* TASK DIRECTIONS
Using the records that follow, reproduce exactly the lines starting at the line containing "ビクターのブースでは、HD-ILAデバイ" and ending at the line containing "Herrers morsom søster". Include both end lines and no pictures.

* SUPPLIED DATA
··········
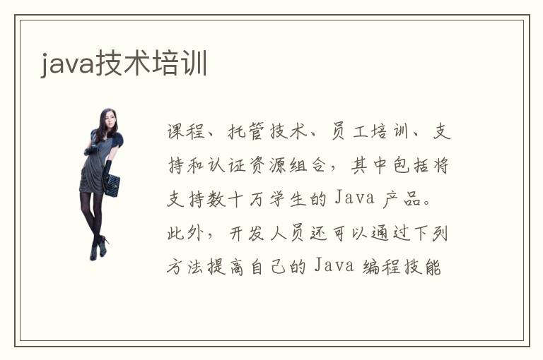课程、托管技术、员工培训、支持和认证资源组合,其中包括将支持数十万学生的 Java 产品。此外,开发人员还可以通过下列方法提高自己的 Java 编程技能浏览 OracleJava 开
··········
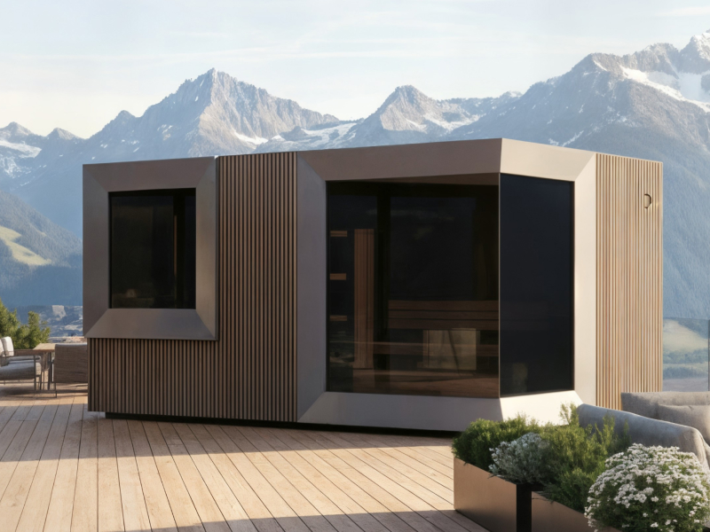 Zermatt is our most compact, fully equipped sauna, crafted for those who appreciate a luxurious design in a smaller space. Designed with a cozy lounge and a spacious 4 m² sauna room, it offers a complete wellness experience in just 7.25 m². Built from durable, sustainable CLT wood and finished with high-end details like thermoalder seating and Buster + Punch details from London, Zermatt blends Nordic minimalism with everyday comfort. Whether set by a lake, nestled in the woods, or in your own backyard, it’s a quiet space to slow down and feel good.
··········
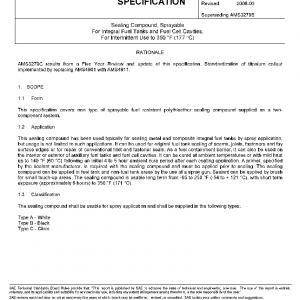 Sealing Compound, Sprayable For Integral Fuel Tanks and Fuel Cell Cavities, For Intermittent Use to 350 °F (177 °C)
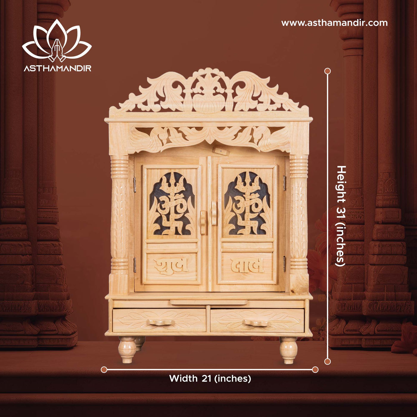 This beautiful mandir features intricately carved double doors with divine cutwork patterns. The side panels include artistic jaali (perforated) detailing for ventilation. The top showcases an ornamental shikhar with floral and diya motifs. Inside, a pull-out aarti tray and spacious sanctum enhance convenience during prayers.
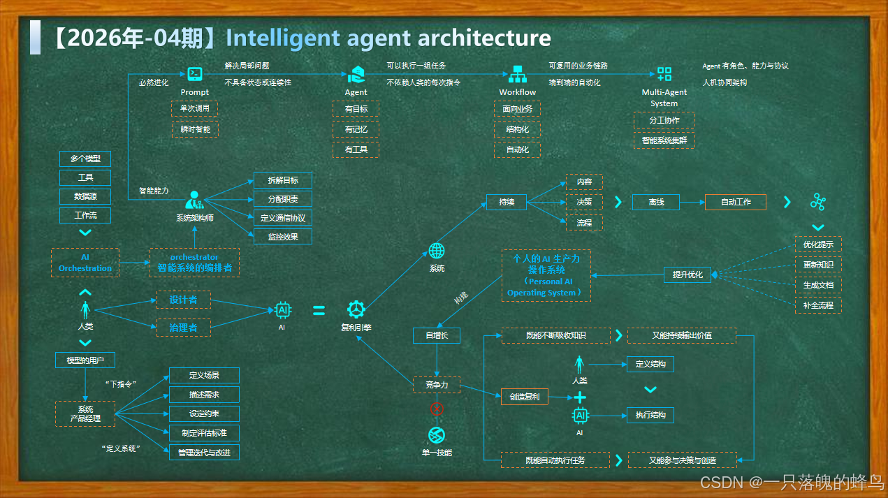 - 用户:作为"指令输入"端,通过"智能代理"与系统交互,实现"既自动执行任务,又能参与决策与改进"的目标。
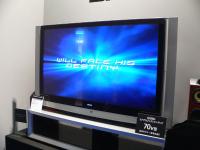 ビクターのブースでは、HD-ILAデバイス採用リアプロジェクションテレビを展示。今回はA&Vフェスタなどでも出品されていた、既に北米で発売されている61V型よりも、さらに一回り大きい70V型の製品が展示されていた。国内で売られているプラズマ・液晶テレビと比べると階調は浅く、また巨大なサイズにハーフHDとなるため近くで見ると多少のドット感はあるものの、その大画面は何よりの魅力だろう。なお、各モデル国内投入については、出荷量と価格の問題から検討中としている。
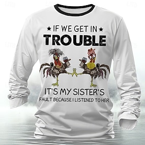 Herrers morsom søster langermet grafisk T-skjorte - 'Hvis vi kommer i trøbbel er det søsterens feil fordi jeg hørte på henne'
··········
* EXERCISE ANSWER
 ビクターのブースでは、HD-ILAデバイス採用リアプロジェクションテレビを展示。今回はA&Vフェスタなどでも出品されていた、既に北米で発売されている61V型よりも、さらに一回り大きい70V型の製品が展示されていた。国内で売られているプラズマ・液晶テレビと比べると階調は浅く、また巨大なサイズにハーフHDとなるため近くで見ると多少のドット感はあるものの、その大画面は何よりの魅力だろう。なお、各モデル国内投入については、出荷量と価格の問題から検討中としている。
 Herrers morsom søster langermet grafisk T-skjorte - 'Hvis vi kommer i trøbbel er det søsterens feil fordi jeg hørte på henne'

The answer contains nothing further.